What you need to do: Exclude the pictures and repeat all of the data exactly.

══ Data extract

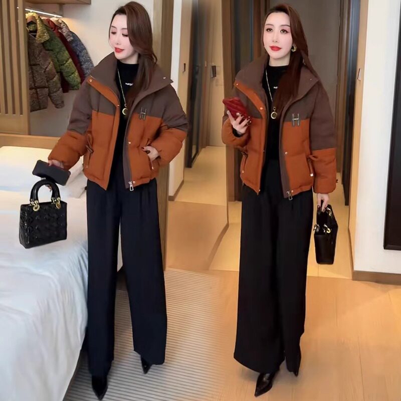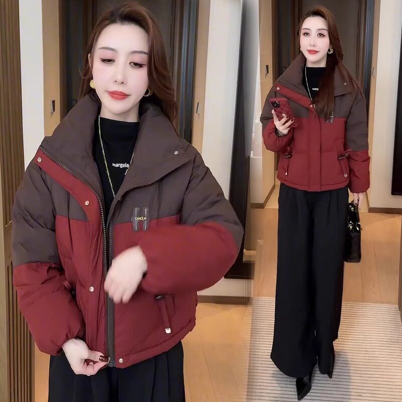撞色棉服女冬季2026年新款外套棉衣今年流行爆款小个子立领面包服
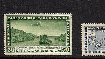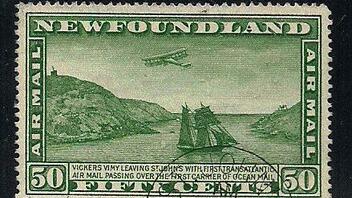 Es geht um die Überdruckmarke: Air Mail DE PINEDO 1927 vom 18. Mai 1927 (SG 163: ungebraucht 28.000 brit. Pfd., gestempelt 8.000 brit. Pfd./ Michel Nr. 128: ungebraucht € 40.000, gestempelt € 10.000) Sie ist gerade mal in einer Auflage von 300 Stück hergestellt worden. Eine Abbildung des Druckauftrages findet man im Buch von Harmers "Newfoundland Air Mails"
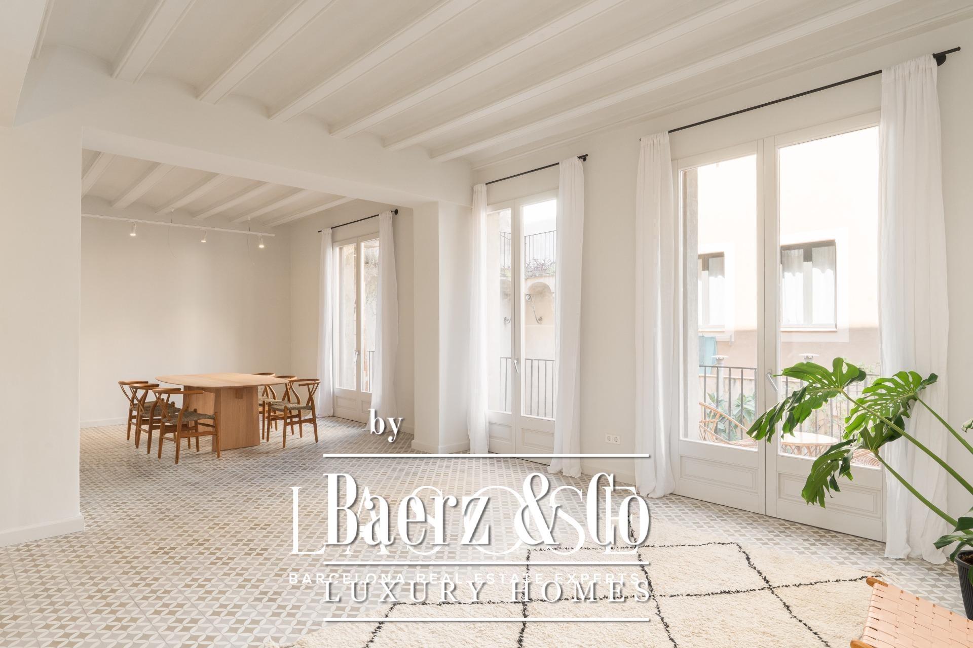 modern finishes. . - Exceptional tranquility, faces a spacious interior courtyard, away from city noise. . - Central ducted air conditioning, heating and cooling for year-round comfort. . - 7 m² balcony and a lovely communal rooftop terrace, perfect spots to relax and enjoy the views. . - Brand-new exterior joinery, premium thermal and acoustic insulation. . . And there’s more! The building has an approved project for elevator installation, a future upgrade that will further enhance the property’s value. . . Living in El Born means enjoying gourmet dining, exclusive boutiques, and a vibrant cultural scene, all just steps from your doorstep. Ready to fall in love with this architectural gem? . Contact us today to schedule a viewing!
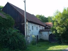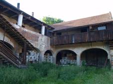k Osíku, pila funkční, trojkřídlý zdí uzavřený dvůr, klenuté náspí,

════

Task result:
撞色棉服女冬季2026年新款外套棉衣今年流行爆款小个子立领面包服
 Es geht um die Überdruckmarke: Air Mail DE PINEDO 1927 vom 18. Mai 1927 (SG 163: ungebraucht 28.000 brit. Pfd., gestempelt 8.000 brit. Pfd./ Michel Nr. 128: ungebraucht € 40.000, gestempelt € 10.000) Sie ist gerade mal in einer Auflage von 300 Stück hergestellt worden. Eine Abbildung des Druckauftrages findet man im Buch von Harmers "Newfoundland Air Mails"
 modern finishes. . - Exceptional tranquility, faces a spacious interior courtyard, away from city noise. . - Central ducted air conditioning, heating and cooling for year-round comfort. . - 7 m² balcony and a lovely communal rooftop terrace, perfect spots to relax and enjoy the views. . - Brand-new exterior joinery, premium thermal and acoustic insulation. . . And there’s more! The building has an approved project for elevator installation, a future upgrade that will further enhance the property’s value. . . Living in El Born means enjoying gourmet dining, exclusive boutiques, and a vibrant cultural scene, all just steps from your doorstep. Ready to fall in love with this architectural gem? . Contact us today to schedule a viewing!
k Osíku, pila funkční, trojkřídlý zdí uzavřený dvůr, klenuté náspí,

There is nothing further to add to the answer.